Святоша . Помню того, которого я поимел в Лизе. «Выбривай тонзуру», – говорю. А этот мудак начинает рассуждать о синоде. «Молчи, – прошу его. – У меня встреча с верующими. Я не могу опоздать». И стаскиваю свой головной убор, предназначенный для церемонии. Надо же! Еле успеваю запеть «Отче наш», как к ногам бросается маникюрша. Она целует руки. Но я сразу понимаю, что она намерена стибрить мой рубиновый перстень! Накануне чудом исцеленной стала ее сестра. «Она отправилась на велосипеде, – поясняет та, – поздороваться с товарищами по службе. Теперь снова впряжется в работу!» Я уж начал беспокоиться. Еще вообразит себя чемпионкой, разъезжая в моей малиновой сутане».
Его прерывает гром.
Бутан (протянув палец). Продолжай, малыш! Нам очень интересно услышать твою биографию.

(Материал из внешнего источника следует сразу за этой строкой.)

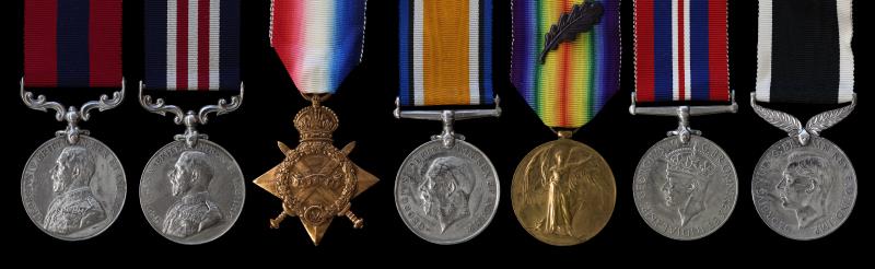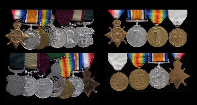 NZ Rare & outstanding Husband & Wife Groups of 7 & 4; Group of 7, 1914-15 Star (modern naming), BWM & VM all impressed to 1/543 MAJOR G. E. SIMEON. NZEF; Colonial Aux Forces Officer's Decoration, KGV, impressed MAJOR G. E. SIMEON RETD. LIST. (hallmarked 1919); NZ Long & Efficient Service, impressed CAPT (TEMP MAJOR) G. E. SIMEON UNATTACHED. LIST (b) (1916), 2nd White Variety; NZ Territorial 12 Year Service, impressed CAPT G. E. SIMEON 5th (W’GTON) REGT 1914, first White variety; & Best Shot in Dist - Otago 1893, engraved WON BY No 281 Act Bomb. G. E. Simeon No. 4 Batt: Permanent Artillery DUNEDIN Best Shot in District. 1893; gVF; & Group of 4, 1914-15 Star, BWM & VM all impressed to H. SIMEON. V.A.D.; & Red Cross War Service, unnamed, YB171A. George Ernest Simeon (Bn Agra, India 11/12/1862, died Auckland 7/7/1943), married Harriet Sandlands in Dunedin in 1893 & worked in Wellington as a clerk. He joined the Armed Constabulary as a Gunner from 11/6/1886 (no. 2813) & served until 31/8/1896. He became Col. Sergt with the Kelburn Rifles (1/3/1902-12/12/1905), Lieutenant with the 5th Wellington Regt until 25/3/12 & unattached as a Captain from 1912 to 1/3/1920.

Новенький . Я пять лет служил у Порфирио.
Весельчак . У самого принца?
Новенький . У самого. Я был его первой гребенкой! Он относился ко мне как к сыну!
Весельчак . Просто так?
Теперь совершенно ясно, что старый портной из Варшавы способен есть только мягкую пищу.
Хлыст . Как же тебе удавалось уматывать от него, когда наступало время «балета»?
Новенький . От беды меня избавила в последний момент одна клиентка с помощью мужа-политикана… Каждое утро я ездил в собственной машине Порфирио отвозить ее накладки и парик в коробке. Я служил ей будильником. Она дожидалась меня в постели, неизменно в расстроенных чувствах после возлияний накануне. «Мой дорогой Жан-Клод, – говорила она, – я совершенно разбита, не зажигайте свет, ходите тихо». Я подбирал вчерашний парик, валявшийся на полу, которым можно было бы закупорить мусоропровод и который я путал с пекинесом, именовавшимся Хосе, старой собакой, которую иногда я причесывал тоже для похода на коктейль или вернисаж. «Мой маленький Жан-Клод, – говорила она, – позвоните, пожалуйста, я без сил».
Весельчак (слюнявя средний палец). Дышите глубже…
Новенький . Следовало подойти к стакану, напоминавшему настоящий пляж для высадки десанта, который попахивал агонией. И всякий раз, когда мне приходилось наклоняться, чтобы позвонить слуге Жоржу, я невольно вздрагивал.
Весельчак . Не дышите…
Искренний крик новенького.
Хлыст . Продолжай, малыш! Не теряй нить рассказа!
Новенький . О дальнейшем можете догадываться. А также о той музыке, которую она мне играла… Цепляясь за меня, тащила в постель, и – гоп-ля! – под балдахином происходила случка… После чего я закреплял ей парик на больной голове и разделял ее завтрак. Каждое утро. Шесть яиц с ромом.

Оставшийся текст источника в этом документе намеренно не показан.